Moreover, rice lines with both the drought QTLs and a bacterial blight
resistance gene suffered more severely from the disease under drought
conditions than under ‘normal’ conditions.
This
apparent breakdown in resistance would seem to be a major problem, until one
looks at parallel research which showed that the effects depend very much on
the gene-for-gene alignment of rice resistance with pathogen virulence. With
the right bacterial blight-resistance gene combined with drought-resistance
QTLs, rice plants displayed increased
resistance to the disease under
drought.
The
other major component of climate change is temperature. Over the coming
decades, East African rice systems are likely to experience gradually
increasing temperatures, especially night-time temperatures during the growing
season. Two bacterial blight-resistance genes were studied: higher temperatures
enhanced the resistance effects of one while reducing the effects of the other!
Clearly,
climate-proofing rice against bacterial blight is going to be a complicated
business. Another avenue is to tap the resistance genes of O. glaberrima,
ensuring these enter the widely grown sativa
cultivars.
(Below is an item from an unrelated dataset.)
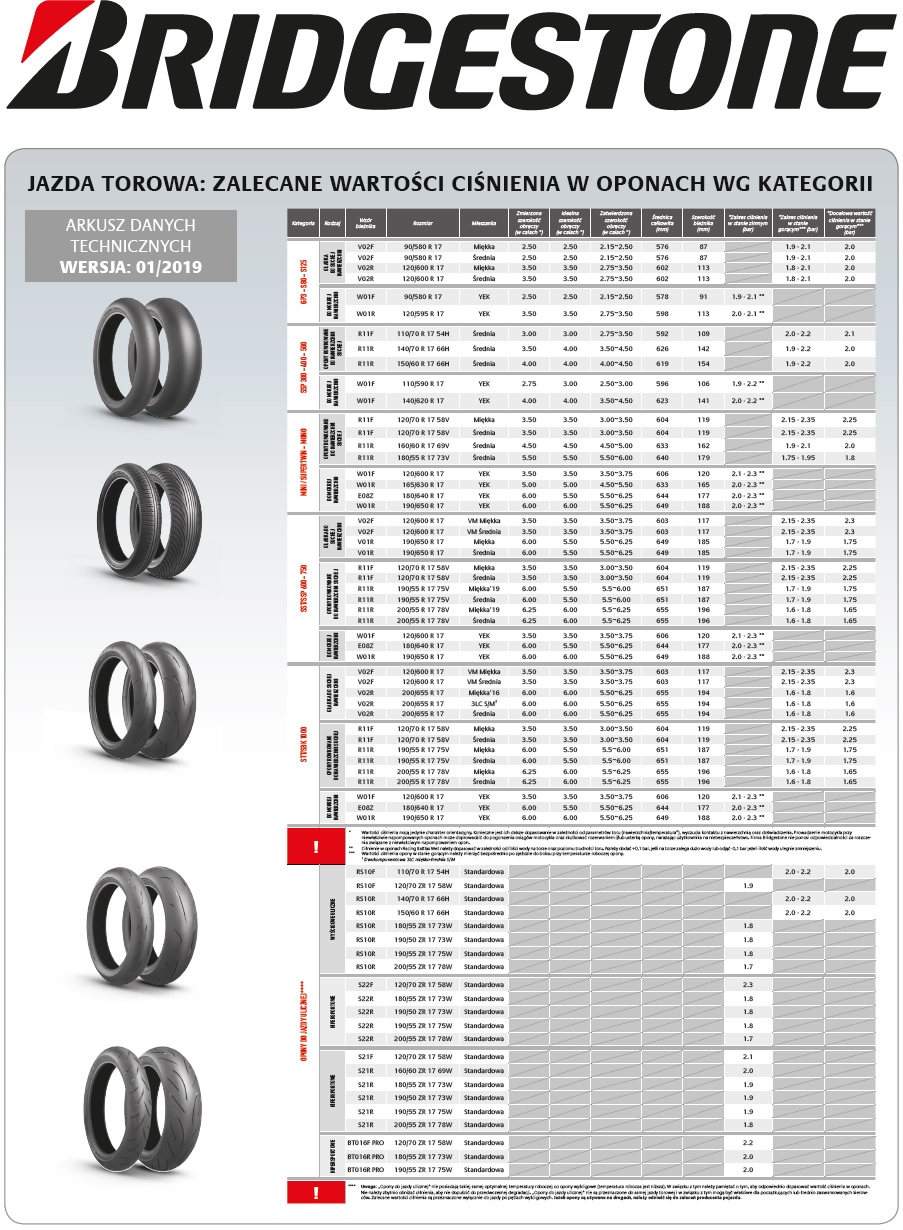 W przypadku drogowych gum, ciśnienie ustalane jest na podstawie m.in. orientacyjnej wagi motocykla i jej rozkładu wraz z kierowcą. W przeciwieństwie do opon wyścigowych, konstrukcja szosowych pozwala na zastosowanie jednego ciśnienia w wielu warunkach i pod szerokim zakresem obciążeń, dlatego na tym samym ciśnieniu może jeździć osoba o wadze 70 kg jak i 100 kg. Oczywiście jadąc z pasażerem i bagażem wypada zwiększyć ciśnienie w tylnej oponie. Na szczęście nie ma sensu wymyślać koła na nowo i samemu obliczać jakie ciśnienie musisz ustawić.

To this end, 18 O. glaberrima accessions
were screened, including 9 that had demonstrated resistance to many Philippine
strains of bacterial blight.
These
accessions were screened against 14 strains of the blight bacterium at two
temperatures. Four of the accessions showed broad-spectrum resistance at high
temperature. One of these carries a known resistance gene, but the others are
still being tested to see whether they carry known resistance genes or novel
ones.
Project
achievements
“I
believe that the project has done what we wanted it to. It has made a
significant contribution to preparing the rice production sector for future
climate change,” says Silué. “We have a gene for bacterial blight resistance
that currently stands up to most of the bacterial blight in East Africa. We
also have a pair of genes for blast that not only show durable resistance
today, but also seem to be effective at higher temperatures. This means we have
the basic tools for climate-proofing existing and new varieties for East
Africa.
“The other element of climate-proofing
is having the skills on the ground to continue to study the diseases as they
evolve over the coming years. This is what the master’s and doctoral training
was all about.” All in all, then, a successful project, though there is no room
for complacency. Much hard work both in the lab and in farmers’ fields remains
to be done in future years to enable East Africa’s rice sector to cope
effectively with the disease challenges associated with climate change.